The switch development from vegetative to reproductive stages is the major transition in flowering plants [1-3]. The transition time from vegetative to reproductive phases of the plant is always an interaction between genotype and environment. Flowering depends on the season and growing place and it plays an important role in adaptation to the environment.   Thus, the flowering mechanism in higher plants is not only induced by environmental factors like light, and temperature but also controlled by polygenes [4]. Photoperiodism is a factor helping plant response to the length of day and night. Most soybean cultivars belong to the short-day plant group [5]. They flower when photoperiodism is shorter than a critical photoperiod [6]. Cober et al. (1996) [7] reported that there are seven genes affected flowering time and maturity. Under a long day, the dominant alleles suppress and delay flowering time as well as maturity; however, each gene can affect differently [7]. In their study, Tasma & Shoemaker (2003) [8] determined ten gene candidates influencing the flowering time of soybean; these genes were located on ten linkage groups.

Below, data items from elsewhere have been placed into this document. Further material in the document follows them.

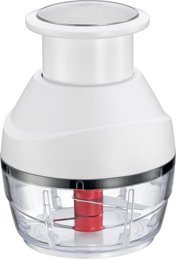 The Kuchenprofi Push Fruit and Vegetable Multi Chopper makes chopping your favorite fruits, vegetables, and nuts simple and neat. This compact tool, with a 3.4-inch diameter, offers quick and easy chopping for fruits and vegetables, enhancing your kitchen efficiency.
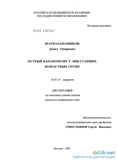 Специальных исследований возрастных особенностей течения и лечения острого парапроктита очень мало. Имеются только единичные наблюдения тяжелого течения особых, гнилостных форм парапроктита у старых и соматически отягощенных больных (Ю.Л.Мозель, 1973; И.М.Альф,1993) и о сочетании острого парапроктита с сахарным диабетом, так как больше половины больных были старше 60 лет (С.В.Ремизов,2005).
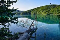 Boomstam op de oever van het Kozjakmeer in het Nationaal Park Plitvicemeren, Kroatië.
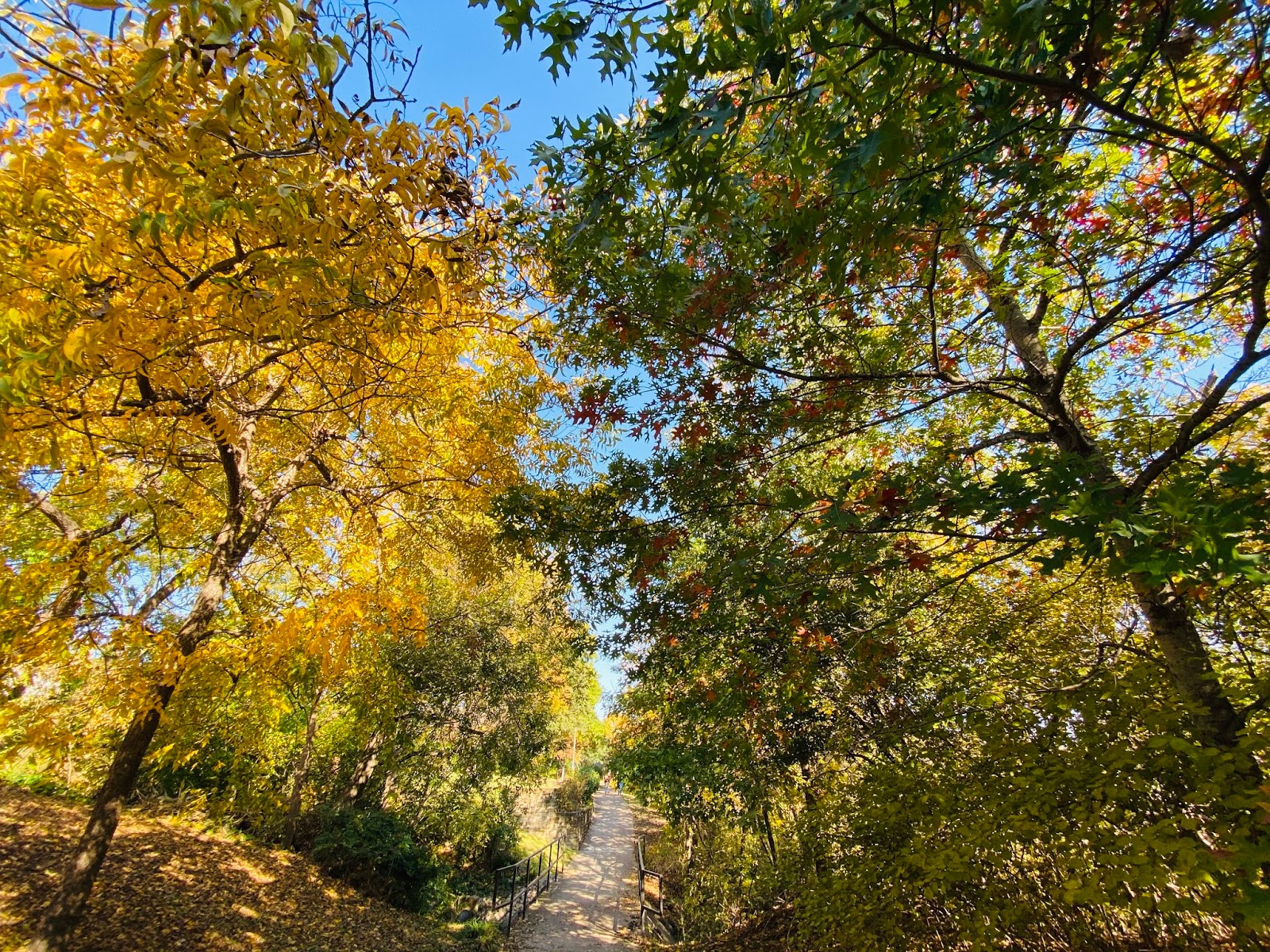 | I liked how coming out of the shaded darkness of the bridge, you were met with bright golden leaves and sun. |
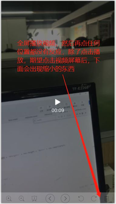在全屏的情况下,视频播放完毕,点击初播放按钮以为的地方,下面的会消失,在点击的时候不会出现。

Single nucleotide polymorphisms (SNPs) are a useful tool for discovering and exploiting genes more effectively in plant breeding. The nature and frequency of SNP in plants are beginning to receive significant attention. Moreover, SNP markers associated with traits have been discovered in onion, soybean, and rice [9]. Until now, SNP application is useful in plant breeding as it can be automated by a machine called Next Generation Sequence (NGS) [10-12]. The aim of this study was to discover gene variation at the nucleotide level among different soybean cultivar groups.

Materials and Methods

Soybean plant materials

Ninety-five soybean cultivars from Vietnam, China, Japan, and Korea were used to discover SNP in soybean. These cultivars were originated from different ecological regions. They had diverse flowering time. Besides, maturity for each cultivar group was also different. These materials were good for researching gene variation.

DNA extraction

DNA extraction can be carried out by fresh leaves from young seedlings, from 15 to 20 days old, as described by Shure et al. (1983) [13].  DNA concentration was measured by using a Hoechst dye-base protocol for fluorescence spectrophotometer (Model F-4500, Hitachi Lt., Ibaragi, Japan). The DNA solutions were diluted to working concentration with Tris-EDTA buffer (pH 8.0) and stored at –20^oC until use.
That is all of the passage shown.